*** Opening of INPUT DATA ***
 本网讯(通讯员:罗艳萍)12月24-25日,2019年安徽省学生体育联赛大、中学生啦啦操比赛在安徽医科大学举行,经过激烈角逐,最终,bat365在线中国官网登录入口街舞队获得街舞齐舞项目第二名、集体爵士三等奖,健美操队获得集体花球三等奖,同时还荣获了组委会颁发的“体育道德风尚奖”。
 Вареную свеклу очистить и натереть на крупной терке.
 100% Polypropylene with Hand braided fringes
*** Close of INPUT DATA ***
*** Opening of INPUT DATA ***
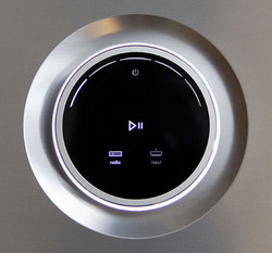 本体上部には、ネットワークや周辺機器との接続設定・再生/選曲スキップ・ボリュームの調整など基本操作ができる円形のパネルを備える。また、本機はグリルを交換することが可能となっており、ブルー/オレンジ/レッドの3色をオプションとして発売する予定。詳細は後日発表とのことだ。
*** Close of INPUT DATA ***
INSTRUCTIONS TO FOLLOW — In the material above, locate the line containing "本网讯(通讯员:罗艳萍)12" and the line containing "100% Polypropylene with Hand braided fringes". Transcribe exactly those two lines and every line between them, and nothing more.

RESULT —
 本网讯(通讯员:罗艳萍)12月24-25日,2019年安徽省学生体育联赛大、中学生啦啦操比赛在安徽医科大学举行,经过激烈角逐,最终,bat365在线中国官网登录入口街舞队获得街舞齐舞项目第二名、集体爵士三等奖,健美操队获得集体花球三等奖,同时还荣获了组委会颁发的“体育道德风尚奖”。
 Вареную свеклу очистить и натереть на крупной терке.
 100% Polypropylene with Hand braided fringes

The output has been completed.